“Electricity! Yeah, you can all thank me,” Ben Franklin would have sung in “Hamilton” if his song hadn’t been cut. As a result, we don’t associate Franklin with a song whose lyrics included, “Do you know who the f-k I am? I am “I am Poor-Richard’s-Almanack-writing Benjamin “f-king” Franklin.” Instead, we still think of him as a sanctimonious old guy who told us to save our pennies and get up early to go to work.
Franklin, of course, was known for many things including writing “Poor Richard’s Almanack,” which was first published on December 19, 1732 and appeared continually until 1758. The almanac contained a host of proverbs, many of them collected by Franklin into what became known as “The Way to Wealth,” which was wildly successful. Indeed, according to historian Jill Lepore, by the end of the 18th century, that book had been reprinted at least 145 editions and six languages.
Many of the book’s saying are well-known. All of us have been told: “Early to Bed, and early to rise, makes a Man healthy, wealthy and wise” and “a penny saved is a penny earned.” A somewhat less-known aphorism, “fear to do ill and you need fear Nought else,” appears on today’s #stampoftheday. A 4-cent stamp, issued in 1960, it was part of a 6-stamp “American Credo” series that the Post Office Department issued in 1960 and 1961 to “re-emphasize the ideals upon which America was founded and to honor those great Americans who wrote or uttered the credos.”
As Lepore noted in a wonderful 2008 essay in The New Yorker, these famous sayings make us think about Franklin as a somewhat sanctimonious and scolding figure. For example, “Early to bed, etc.,” which is perhaps his best-known proverb, “has vexed generations of the lazy-boned and sleepy-headed,” noted Lepore, who quoted Mark Twain as saying, “The sorrow that that maxim has cost me through my parents’ experimenting on me with it, tongue cannot tell.”
Lepore argued that while Franklin’s writings, were “useful in the farming, boycotting, non-importing, independence-loving eighteenth century,” they “came to be worshipped in the capitalizing, industrializing, Founders-revering nineteenth century.” The problem, she explained, is while there’s some truth to the view that he believed in industriousness and thrift, “The Way to Wealth,” like much of Franklin’s work “is also a parody, stitched and bound between the covers of a sham.”
But, she added, “The joke fell flat. The parody within the sham became the man.” And the image, she added, was a “frugal, prudent, sober, homey, quaint, sexless, humorless, preachy Benjamin Franklin” who was “loved (by Dale Carnegie), hated (by D. H. Lawrence), and held up (by Max Weber) as the original American Puritan striver, the prophet of prosperity.”

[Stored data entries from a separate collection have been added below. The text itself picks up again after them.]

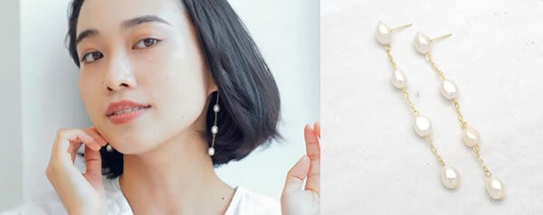 繊細なパールライン チェーンピアス 淡水パール バロック / アレルギー対応 ps-137
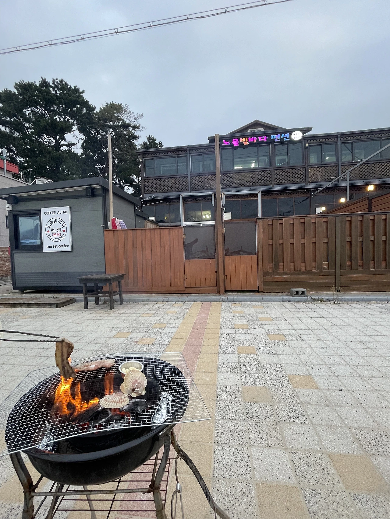 바다 앞 펜션을 예약해서, 야외 바비큐를 할 예정이다.
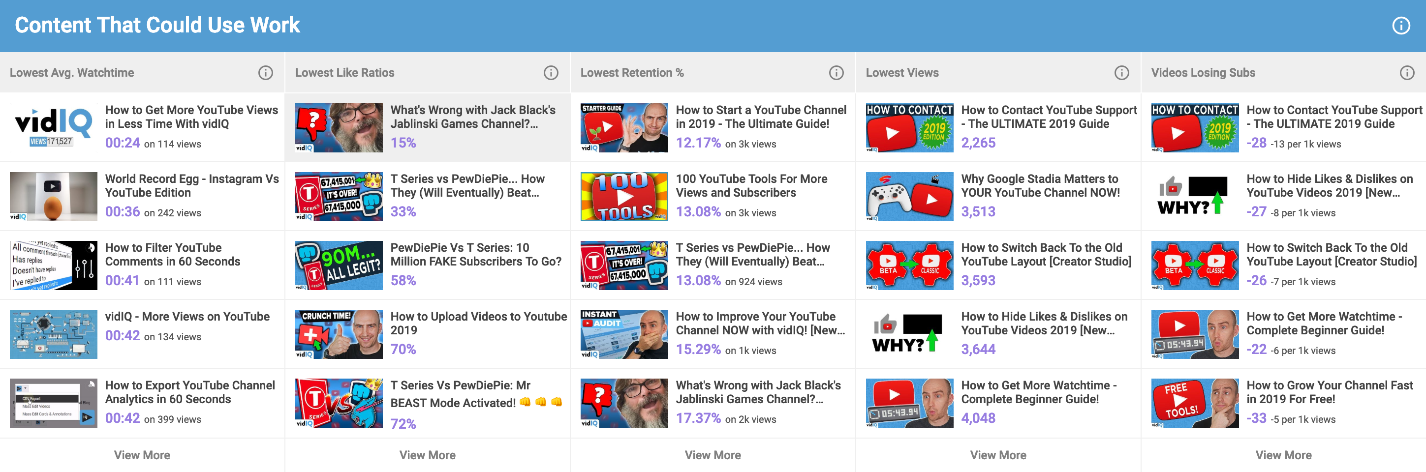 This section shows the videos are doing the worst based on lowest Watch Time, lowest like ratios, lowest retention, lowest views and the videos losing the most subscribers. You can use this information to determine if you should still keep making this type of content.
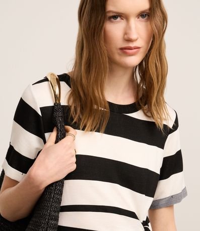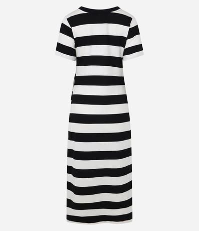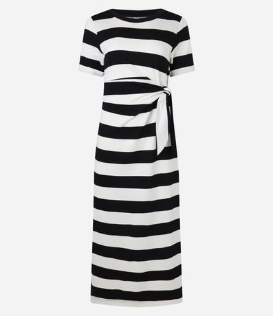 Ref: Vestido feminino midi em viscose com estampa de listras, mangas curtas e amarração na lateral da cintura.
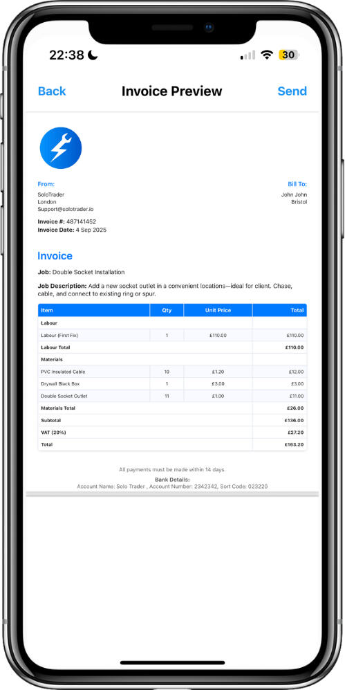 Ellie The Electrician has quickly become a standout voice in the trades community. On Instagram and Facebook she shares hands-on project snippets, practical tips, and day-in-the-life updates that spotlight craftsmanship with a down-to-earth vibe.Ellie's friendly, practical, and no-nonsense approach made her a natural partner for SoloTrader, the admin app built for one-man bands in the trades.In her day-to-day, Ellie uses SoloTrader to turn enquiries into booked work and clean invoices. Quotes go out fast, schedules stay tight, and customer comms sit neatly alongside the job, which means fewer missed messages and more repeat business.It’s a partnership built on the same promise she gives her audience: work smarter, look professional, and keep the power (and the profits) in your hands.
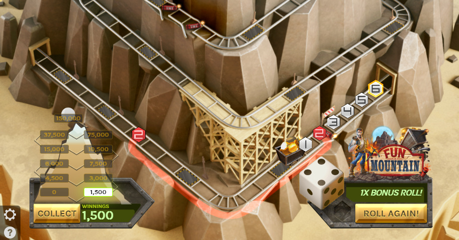 फन माउंटेन में एक पासा फेंककर एक खनन गाड़ी को पहाड़ पर पटरियों की तीन परतों पर चलाना शामिल है। नियम थोड़े जटिल हैं, इसलिए अगर मैं गणित में ज़्यादा उलझा न रहूँ तो माफ़ करना। हेल्प फ़ाइल में बताया गया है कि अपेक्षित रिटर्न 95.52% है।

To be sure, she noted, “The vast bulk of Franklin’s writing, and especially of his political pieces, is sober, stirring, and grave, as the occasion, and the times, all too often demanded.” But, she added, “he was also a sucker for a good joke, or, really, even a lousy one. He loved hoaxes and counterfeits and had the sort of fondness for puns that, if he hadn’t been so charming, would have been called a weakness. As it was, his enemies damned his ‘trivial mirth.’ John Adams, who resented him, conceded, ‘He had wit at will,’ and ‘talents for irony, allegory, and fable,’ but characterized his humor as ‘infantine simplicity.'”
Nonetheless, Lepore argued, “Franklin’s best satires are relentlessly scathing social and political commentary attacking tyranny, injustice, ignorance, and, at the end of his life, slavery. Yet reading his letters you [also] get the sense that he couldn’t always govern his wit, as when, striving to collect himself, he began a new paragraph, ‘But to be serious.'”
Part of the problem, she contended was that in selecting the proverbs that were printed in what became his best-selling book, Franklin left out Poor Richard’s many proverbs that made it clear that in addition to valuing hard work and sacrifice, he also “was committed to the principle of silently doing good [and] had boundless sympathy for the common people who bought his almanacs.” That is, the Franklin once wrote, “I would rather have it said ‘He lived usefully’ than ‘He died rich'” is missing from what became his signature work.
Perhaps today, the anniversary of the first printing of “Poor Richard’s Almanac,” is a good moment to reclaim the Franklin who got cut from “Hamilton”, the one who called himself “the polymath, bifocal-wearing, Hardened glass-harmonica-playing Benjamin F-king Franklin” who added, “I’m the only American the French wanna see. They call me a genius, I can’t disagree.”
Be well, stay safe, live usefully, fight for justice, and work for peace.